Il appartenait probablement à ce que mon esprit, aussi étrange soit-il, classe comme inutile. Alors qu'est ce qui a changé en définitif ? Qu'est ce qui a fait en sorte que ça change ?
Je pose ma tête sur la table et ferme les yeux. Je troque Nickelback qui jouait toujours dans mes oreilles contre I don't care d'Apocalyptca. Bonheur.
De courte durée hélas.
« -Salut toi. » C'est Gon qui s'adresse à moi après m'avoir retiré un écouteur sans prévenir.
Le mec avec qui il parlait s'est visiblement barré et il a dû remarqué ma présence après coup.

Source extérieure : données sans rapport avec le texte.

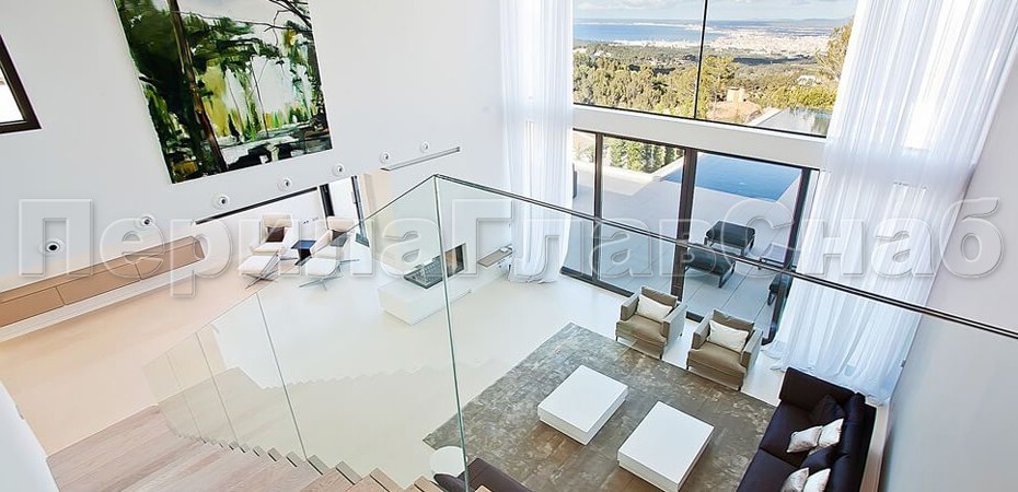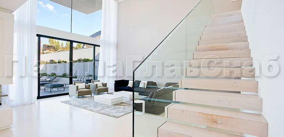 Красивая опция - частичная матировка нижней части несущего стекла (делают обычно там, где стекло примыкает к лестничному маршу или перекрытию).
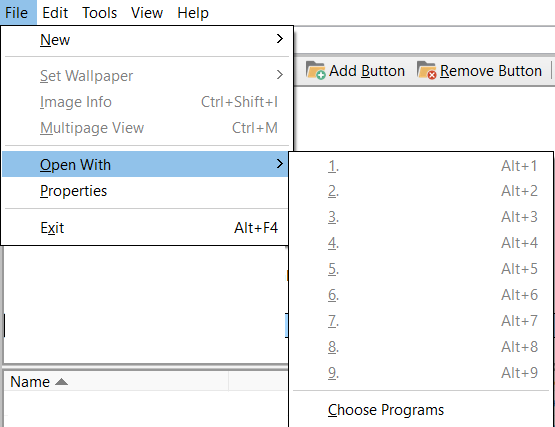 - New -> Folder - Creates new folder - Set Wallpaper - Set wallpaper Tiled, Centered or Stretched - Image Info - Displays image info - Multipage View - Displays Multipage View when there is more than one frame/page in image - Open With - 1..9 opens image with external program - Choose Programs displays External Programs Chooser (See External Programs Chooser) - Properties - Shows properties for selected file(s), folder(s) etc. - Exit - Closes the Viewer program |

J'hésite entre répondre à son bonjour de façon calme et polie ou lui mettre un coup de tête pour m'avoir surpris de la sorte. Enfin, pour choisir, il faudrait d'abord que je me remette de ma mini crise cardiaque.
« -Oops je t'ai fait peur ? » Qu'il ose me demander cet idiot avec un sourire bien niais en plus.
« -Dans quel univers pourrais-tu me faire peur ? » J'essaie de regagner un peu de charisme, je ne dois pas perdre la face devant lui.
« -Mouais c'est ça. Alors t'écoutes quoi ? » Il enchaîne aussi imperturbable qu'adorable.
« -Apocalyptca. Ça te dit quelque chose ? »
« -J'aurais pas cru que t'étais du genre metalleux. Quoique, vu que tu portes souvent du noir, j'aurais dû m'en douter. » Il me taquine là. Je ne rêve pas ?
Et puis je ne suis pas constamment en noir d'abord. C'est ma couleur favorite alors je fais en sorte de la mettre souvent mais je préfère largement porter du bleu. Surtout quand il fait chaud.
«- Me dit le mec qui en plus d'avoir les cheveux verts s'habille en vert. C'est pas une plante qui risque de me donner des leçons de mode. »
Ce qui était sensé être une pique de ma part sonne comme la blague de l'année à ses oreilles. Il éclate tout naturellement de rire. Ce maudit rire qui me file des insectes dans l'abdomen.
« -Je ne m'en étais même pas rendu compte en plus. J'adore cette couleur. Est-ce que tu sais qu'elle symbolise la vie et le renouveau ? Et puis je trouve que ça me va bien, pas toi ? » J'aime pas trop le ton narquois qu'il emploi à la fin de son monologue alors je me contente d'hausser les épaules.
Après c'est vrai que ça lui va bien. Sa chemise verte à manches courtes fait ressortir les muscles bien dessinés de ses bras, idem pour son short qui dessine à merveille ses jambes...
Mais oh ! À quoi je pense là !?
Bien sûr le bougre a évidemment capté que je le matais un peu trop et m'observe avec curiosité, la tête sur le côté et tout comme un petit chien.
« -Ça va ? T'as eu un beug d'un coup. » Il a l'air inquiet.
« -T'inquiètes, je me suis perdu dans mes pensées un instant. »
« -Et si je te demandais lesquelles...? »
« -Je te répondrais de lâcher l'affaire. »
Maintenant il a l'air contrarié. Je soupire et cherche rapidement un moyen de lui rendre le sourire.
Le seul truc qui me vient à l'esprit c'est de retirer un écouteur et le lui tendre pour l'inviter silencieusement à écouter avec moi. Ça marche, il sourit de nouveau.
Je ne me lasserai jamais de la lumière qui irradie de lui quand il le fait. Cette chaleur qui ne brûle pas, douce, confortable et forte en même temps.
Malheureusement nous sommes bien vite interrompus par le prof qui entre dans la salle. Je ne m'étais même pas rendu compte que ça avait sonné. Fait chier.
« -On remet ça plus tard. » Lui aussi semble déçu.
J'acquiesce en hochant la tête.
Et alors qu'ils sort et ouvre son cahier, je fais un constat effroyable.
L'écriture sur la lettre n'est pas la sienne.